In the series, they’re all made to wear a uniform, they address each other predominantly by their last names, they form their own families within the prison, they have their own work parties to take part in and take pride in, they share their messes in a communal dining hall and have to serve a certain amount of time. Much like the Navy.
It was interesting to watch an episode last night. One of the inmates was accidentally given an early release and was driven to the local bus depot with $40 in her pocket and a bus ticket to a nearby town. Instead of jumping on that bus, she sat there. Sat there until the Assistant Warden came to apprehend her. When asked why she didn’t get on the bus, she said she didn’t know where to go.
Tonight marks the last night of my 13-and-a-half-year career in the Royal Australian Navy. I kind of feel like that prisoner. I am now sitting at the bus stop, willingly transferring from full time service, and I have No. Idea. Where I’m going. Obviously my situation is extremely different in that I volunteered to serve in the Navy and I am voluntarily leaving, but I’m sitting at that bus stop, for the first real time as an adult wondering what the heck I’m going to do!
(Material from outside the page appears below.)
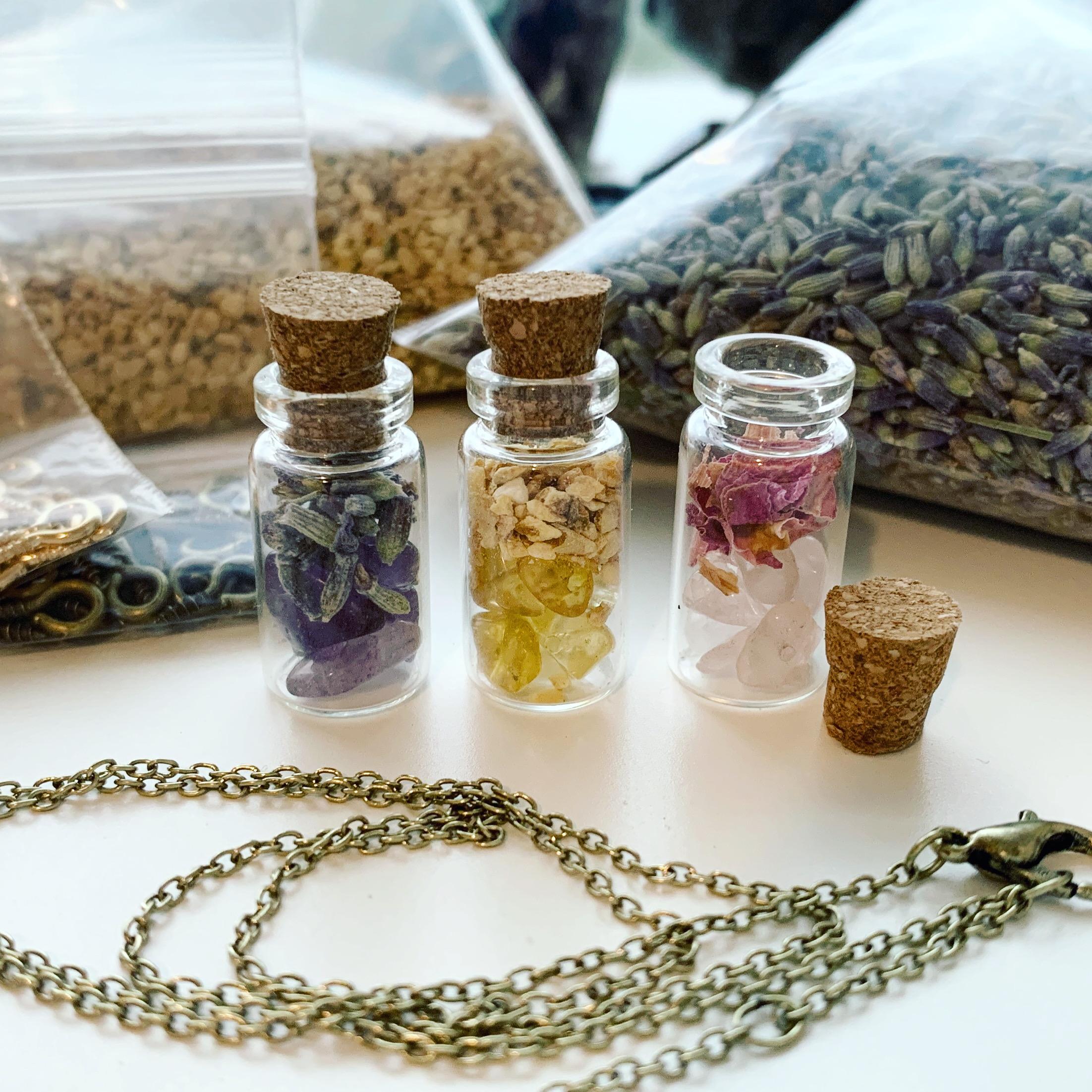 This Crystal Herb Bottle Necklace lets you choose between Rose Quartz, Citrine, or Amethyst crystal chips, paired with dried petals or herbs inside a tiny glass vial, accented with a lava bead diffuser: a wearable way to carry love, joy, or calm wherever you go.

Of course, I’m a Mum, and a small business owner, but I don’t know what job I’m going to do when I grow up! I’ve been a Naval Officer for so long, I feel like I’m losing that part of my identity. Sure, there are the memories and the photos, the friends and the experiences, but I will no longer be part of that exclusive club to which I’ve belonged for so long. I will miss it dearly as it has helped me become the person I am today. It has made me the leader I am, the manager, the friend, the daughter, the wife and even the Mother I am.
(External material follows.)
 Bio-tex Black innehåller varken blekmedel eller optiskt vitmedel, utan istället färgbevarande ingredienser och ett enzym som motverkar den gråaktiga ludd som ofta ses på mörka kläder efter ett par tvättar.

I will be forever grateful to the Navy and all it has given me over the years.
I will miss the uniform, and the pride in which I took to iron my creases in every day. I will miss the excitement I felt when deploying. I will miss the instant family made when you stepped onboard a ship. I will miss the feeling of professional competence in a job I knew well. The travel. The feeling of belonging. Despite all the wonderful friends and family I have around me, supporting me through this transition, I feel like an enormous part of me is disappearing. Sure, I’ll probably go and complete some Reserve work here and there, but it just isn’t the same.
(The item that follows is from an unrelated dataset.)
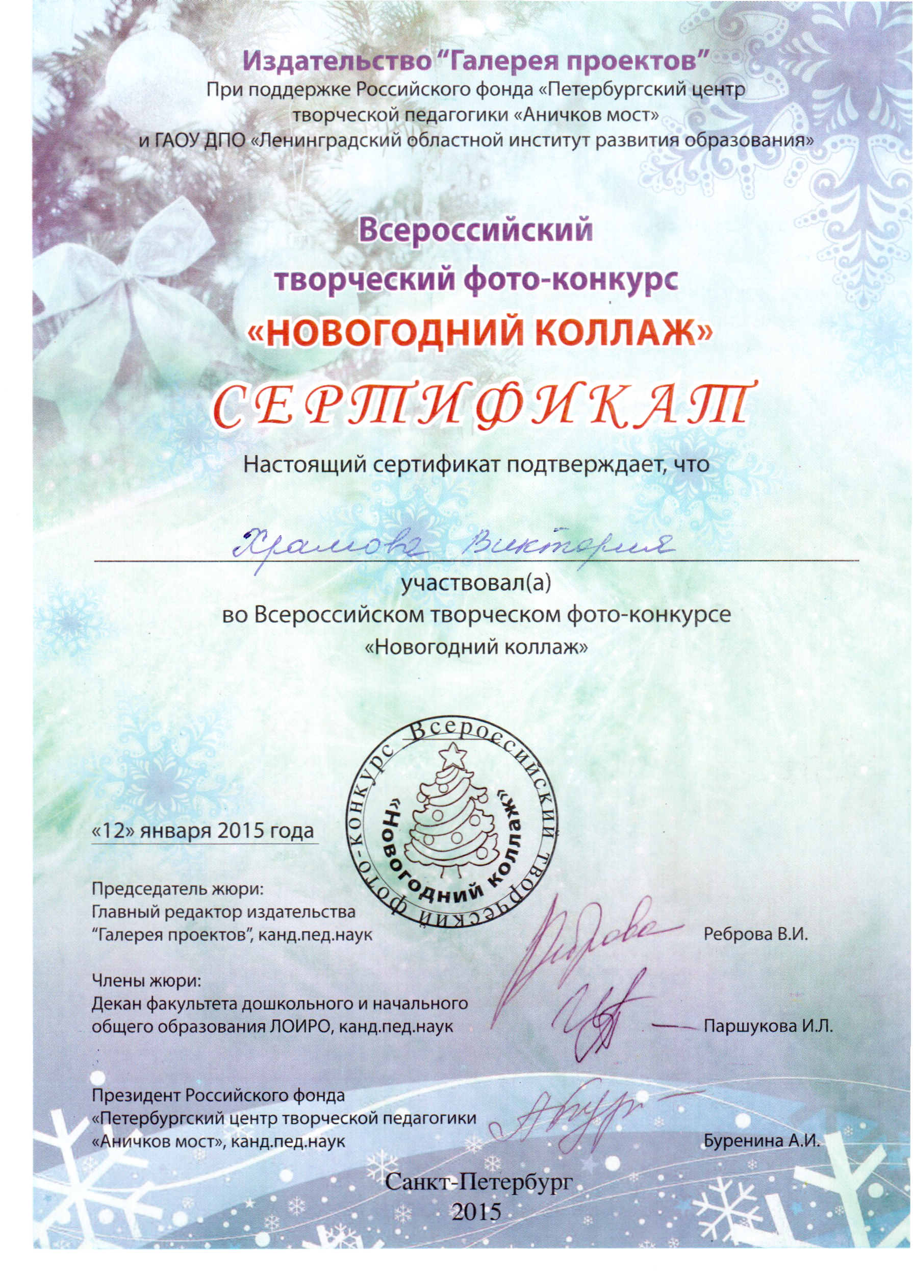 9. Сертификат за участие в конкурсе Храмова Виктория 5 лет

No longer will I have the excitement (and unnerving uncertainty) of the possibility of being posted to another state, or even another country. There’ll be no new staff coming and going. No more professional adult conversation; no more helping people learn their new jobs. The Navy provided me with so many amazing opportunities I could never experience anywhere else.
So given all of this awesomeness, you might wonder why I’m leaving.
I’ve served my time with pleasure and dedication, pride and commitment… but now it is time to focus on my family and the growth of my business so I can stay at home more. I’ve been given wonderful opportunities for part time and flexible work in the Navy, but it wasn’t enough for me. Whilst I crave adventure and travel, my focus is now on our beautiful kids and seeing them grow through their childhood. Which, mind you, is already zooming past.
My decision allows me to not rush the kids out of the door in the morning, and allows them to know Mummy will be home every night. My decision allows me the freedom to choose what I want to wear every day, to call people by their first names, and to choose my own adventure. My decision allows me to spend time with my own family. So whilst Orange may be the New Black for prison, red nails and family are the new black (and white) for me.
I’m excited, scared, devastated and happy all at the same time.
Thank you to those who have been part of my past and to those who will help me build my new future.